There is no plan to sell Channel 4 – at least, no plan that would keep it safe

Whatever options the government may be considering for privatisation, none of them look likely to preserve it as a public-service force for good

It’s that old “no plans” gambit again. As in “the government has no plans to sell Channel 4”, the mantra of two weeks ago. It was accurate enough, in a pin-dancing way, at the precise moment of utterance, of course. The government – as a long-lens shot of a confidential document reveals – is currently deciding which plan to choose for sell-off purposes (unless George Osborne turns out to have found a Chinese buyer over egg foo yong). But rushed, debate-starved deals need opening up.

Channel 4 is not always the bold, free-thinking contender it founders set out to build more than three decades ago. More Kirstie and Phil talk embarrassing bodies with Alan Carr before the 2.30 from Wincanton. But the idea of a not-for-profit public service channel, primed to grow independent production resources, remains potent. So do good deeds in a bad world like Channel 4 News and Dispatches. Alternative voices always welcome.

How can the chancellor and culture secretary keep that legacy safe? Profit will slash independent production resources. Commercial operation is bound to drain the channel’s distinctiveness. Too many conditions to the sale must reduce the asking price. No wonder there isn’t “a plan” just yet.

And, alas, the best plan of the lot – putting C4 in a big, devolved basket alongside the BBC so that ads and subscription money can help grow the sector and make sense of its targeting – is the ringfencing notion that would raise the biggest howl of the lot.
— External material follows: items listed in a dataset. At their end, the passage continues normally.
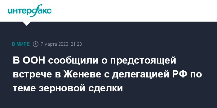 В ООН сообщили о предстоящей встрече в Женеве с делегацией РФ по теме зерновой сделки
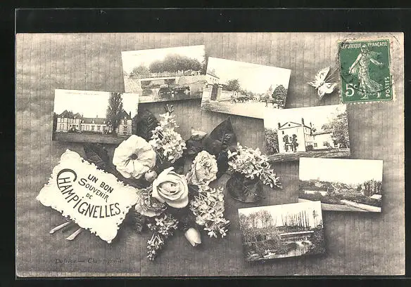 AK Champignelles, Sechs Ansichten aus dem Ort mit Blumen verziert
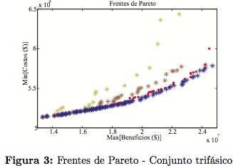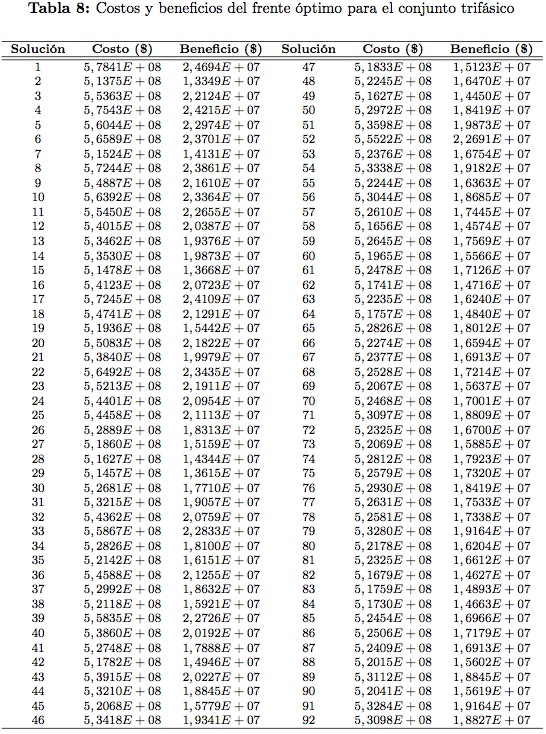 Se observa que cada solución del frente óptimo de Pareto para los conjuntos monofásicos y trifásicos es mejor que la configuración inicial (caso base) en ambos objetivos, ya que es menor que la función objetivo 1 (problema de minimización) y mayor que la función objetivo 2 (problema de maximización), lo cual respalda la eficiencia de la metodología planteada en este trabajo.
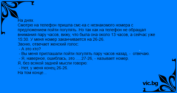 Смотрю на телефон пришла смс-ка с незнакомого номера с предложением пойти погулять. Но так как на телефон не обращал внимания пару часов, вижу, что была она около 13 часов, а сейчас уже 15:30. У меня номер заканчивается на 26-26.

You could sort out immediate BBC finances, differentiate channels, add iPlayer lustre along that path. Except that, like too many minds, it’s closed.

■ Whatever happened to those million-pound regulatory fines that make errant media companies shiver? Forget London: welcome to Madrid, where Mediaset Spain, that nation’s most popular TV group, has been fined a total of €20.6m for advertising and other transgressions over the past three years – including 42 separate fines this year alone. A world record? Perhaps Diego Costa could do the maths while he sits out his own red card ban.